6) There is additional advantage of such method versus aborting tasks before any computations:
stderr will be reported (but not result itself). So it easy to establish the reason of task abortion - stderr will say "overflow".

Example:

stderr out <core_client_version>6.4.5</core_client_version>
<![CDATA[
<stderr_txt>
setiathome_CUDA: Found 1 CUDA device(s):
Device 1 : GeForce 9600 GSO
totalGlobalMem = 402653184
sharedMemPerBlock = 16384
regsPerBlock = 8192
warpSize = 32
memPitch = 262144
maxThreadsPerBlock = 512
clockRate = 1700000
totalConstMem = 65536
major = 1
minor = 1
textureAlignment = 256
deviceOverlap = 0
multiProcessorCount = 12
setiathome_CUDA: CUDA Device 1 specified, checking...
Device 1: GeForce 9600 GSO is okay
SETI@home using CUDA accelerated device GeForce 9600 GSO
Rise priority modification by Raistmer based on rev380 of SETI@home sources
Priority of worker thread rised successfully
Total GPU memory 402653184 free GPU memory 355926016
setiathome_enhanced 6.02 Visual Studio/Microsoft C++
libboinc: 6.3.22

Work Unit Info:
...............
WU true angle range is : 4.307220
Optimal function choices:
-----------------------------------------------------
name
-----------------------------------------------------
v_BaseLineSmooth (no other)
v_GetPowerSpectrum 0.00020 0.00000
v_ChirpData 0.01351 0.00000
v_Transpose4 0.00342 0.00000
FPU opt folding 0.00285 0.00000
SETI@Home Informational message -9 result_overflow
NOTE: The number of results detected exceeds the storage space allocated.

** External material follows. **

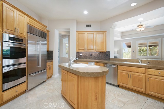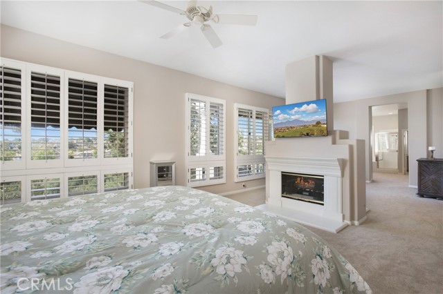 Be the “DESTINATION HOME” for family & friends while enjoying California Living at its finest in this Resort Style entertainers home. This home is located in the Prestigious Gated Community of Dove Canyon nestled against the Saddleback Mountains & perfectly positioned between 2 Fairways of the Private Jack Nicklaus Designed Golf Course. This stunning 5-Bedroom + Loft and 5 Bathroom home offers an open & airy floor plan embracing a blend of comfortable everyday living as well as the luxury of fabulous entertaining. Entering through the Double Doors to the Grand Foyer you are welcomed by the abundance of windows & French Doors that enhance the interior with warm sunshine all day. New Carpet, Marble Floors, Fresh Neutral Paint, Shutters, Ceiling Fans, Newer A/C, Furnace, Water Heater, Water Softener System & SOLAR are just a few of this homes upgrades. The high ceilings in the living & dining rooms are accented with a Fireplace, Custom Paint, Shutters & French Doors. The Gourmet Kitchen has a generous sized Breakfast Nook, beautiful Cherry Cabinets, Designer Tile, Center Island & ample counter space for creating your favorite culinary delights. The kitchen looks out to the F/R that has a Fireplace & French Door to the backyard. The Main Floor 5th bedroom has a walk in closet & is currently being used as a den complete with a cozy Fireplace & Custom Built-ins. The beautiful Sweeping Staircase leads to the Spacious Primary Bedroom with High Ceilings,Shutters, Ceiling Fan, Large Retreat area, Dual Sided Fireplace & Private Balcony with view of the golf course. The Primary Bathroom has Dual Sinks + a Vanity, Separate Glass Enclosed Shower, Oversized Jacuzzi Tub & Huge Walk-In Closet. There are 3 large secondary bedrooms each with their own bathrooms along with a Loft that is currently being used as an office with Custom Built ins. The Resort Style Backyard offers a sparkling Pool & Spa, New Built-in BBQ, Retractable Awnings, Lush Landscape and Views of the Golf Course. Enjoy life in the exclusive Dove Canyon Community featuring 24-hour Guard-Gated entry, private pool/spa, tennis & pickleball courts, sport court, playground & miles of nature trails for hiking and biking. There are also several membership opportunities at the Jack Nicklaus Signature Dove Canyon Golf Club for those golf enthusiasts. Low tax rates, easy access to shopping, restaurants, & award-winning schools. Don't miss your opportunity to live in this turnkey home & this fabulous community.

Flopcounter: 1777564580.377074

Spike count: 0
Pulse count: 0
Triplet count: 31
Gaussian count: 0
called boinc_finish

</stderr_txt>
<message>
<file_xfer_error>
<file_name>03no08aa.12883.266870.6.11.168_2_0</file_name>
<error_code>-197</error_code>
<error_message>user requested transfer abort</error_message>
</file_xfer_error>

</message>
<upload_error>
<file_name>03no08aa.12883.266870.6.11.168_2_0</file_name>
<error_code>-197</error_code>
</upload_error>
]]>

Validate state Invalid

Profile Byron S Goodgame
Volunteer tester
Avatar
Send message
Joined: 16 Jan 06
Posts: 1151
Credit: 3,936,993
RAC: 0
United States
Message 850758 - Posted: 8 Jan 2009, 6:32:09 UTC

Just bringing this thread back up closer to the top.
____________

Profile Byron S Goodgame
Volunteer tester
Avatar
Send message
Joined: 16 Jan 06
Posts: 1151
Credit: 3,936,993
RAC: 0
United States
Message 851462 - Posted: 9 Jan 2009, 23:41:31 UTC

Guess I've done something wrong, even though I think I've followed the instrctions. I have this task which produced an overflow. I went into the seti folder and deleted the file 16no08ai.21753.20931.9.8.156_0_0 which was 40KB. I still see 16no08ai.21753.20931.9.8.156 in the seti folder with a size of 367 KB. The file is no longer in the transfer window, and in the Tasks window shows 16no08ai.21753.20931.9.8.156_0 with a status of Uploading. I've tried to abort the task now and get no change.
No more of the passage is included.